Es wird in Taiwan viel getan, um nachhaltiges Umweltmanagement umzusetzen und die Aufmerksamkeit der Öffentlichkeit darauf zu lenken, wie wichtig es ist, unsere ökologische Umwelt zu erhalten.
Lange Nacht der Museen
Eröffnet wurde die Ausstellung bereits am 22. April mit einer Ansprache der Hamburger Wissenschaftssenatorin Dr. Herlind Gundelach. Anwesend bei der Eröffnung war auch der stellvertretende Generaldirektor des National Museum of Natural Science, Dr. Chou Wen-hao, welcher in einer bewegenden Dankesrede Dr. Rainer Schwedler eine Urkunde überreichte. Dr. Schwedler, ehemaliger Bibliotheksleiter des Fachbereiches für Erziehungswissenschaft an der Universität Hamburg, hat in den sechziger Jahren begonnen, Schmetterlinge zu sammeln. Die Sammlung umfasst mittlerweile mehr als 280 Schmetterlingsarten aus Europa und der palearktischen Region — insgesamt 3434 Stück. Nun beschloss Dr. Schwedler, die komplette Sammlung dem Museum in Taiwan zu überlassen.
Unter den Besuchern in der langen Nacht der Museen waren auch besonders viele Kinder zu erblicken, die mit großen Augen durch die Ausstellung wanderten, denn neben vielen Informationstafeln und detailgenauen Nachbildungen von Grillen, Heuschrecken, Schaben und anderen „singenden Insekten“ konnte man zudem mit Hilfe mehrerer Computer animierte Wissensspiele durchführen. Per Klick ertönten so Grille, Heuschrecke und Schabe in vollem Klange.
Bei der Ausstellung „Singende Insekten“ gab es auch dieses Modell zweier kämpfender Grillen zu bewundern. (Foto: Courtesy National Museum of Natural Science)
Die Gäste zeigten sich fasziniert von den singenden Insekten, aber auch von dem bunten Rahmenprogramm. So wurden an die 1000 Jiaozi (entfernt an Ravioli erinnernde gefüllte Teigtaschen) von vier hervorragenden Köchen frisch vor den Augen der Zuschauer zubereitet und konnten mit großem Genuss verzehrt werden.
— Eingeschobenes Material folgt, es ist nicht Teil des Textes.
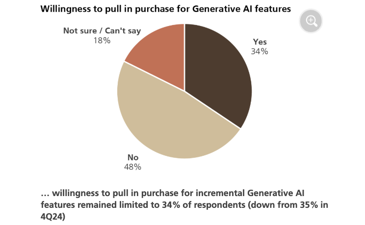Μόνο το 34% των ερωτηθέντων θα απέσυρε τις αγορές προς τα εμπρός ή θα πλήρωνε επιπλέον για τα χαρακτηριστικά της τεχνητής νοημοσύνης...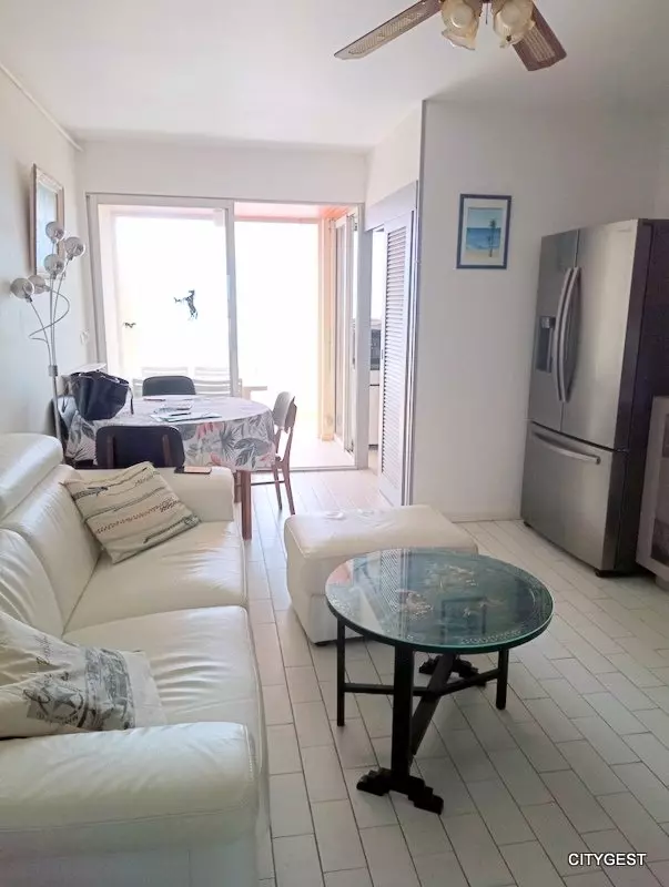 The apartment is dual-aspect, includes a bright living room with an open, fully equipped kitchen (dishwasher, induction hob, fridge-freezer, multifunction oven, microwave, etc.). All of it opens onto a large 12 m² terrace, ideal for your outdoor meals facing the sea!

Neben einer Einführung in die Teezeremonie und der Präsentation eines Gemüseschnitzers sorgte der Papierkünstler Hung Hsin-fu für beste Unterhaltung, indem er Tiere aus Papier schuf. Hung gab eine Kostprobe seiner unglaublichen Fingerfertigkeit und unerschöpflichen Kreativität. Er faltete filigrane Papierskulpturen, inspiriert von Motiven aus der taiwanischen Natur und Kultur: Ob Schmetterling, Grashüpfer, Vogel, Tiger — Papiermeister Hung zaubert alle nur denkbaren Papier-Tierfiguren. Das Element der Bewegung verleiht seinen Schöpfungen eine besondere Lebendigkeit. Begeistert durften die Besucher nach Anleitung mitmachen und staunten nicht schlecht, wie mit zwei einfachen Schnitten ins Papier, einmal links gefaltet, einmal rechts gefaltet, ein Frosch aus dem Papier springt.
Die Ausstellung wird noch bis Mitte August in Hamburg zu bewundern sein. Dann werden die Kostbarkeiten gut verpackt und reisen quer durch Europa. Im September ertönen die Singenden Insekten im Nationalmuseum in Ungarn, im Dezember ist die Ausstellung in Prag zu sehen, und anschließend wird es Stopps in den Niederlanden, Schweden und Italien geben.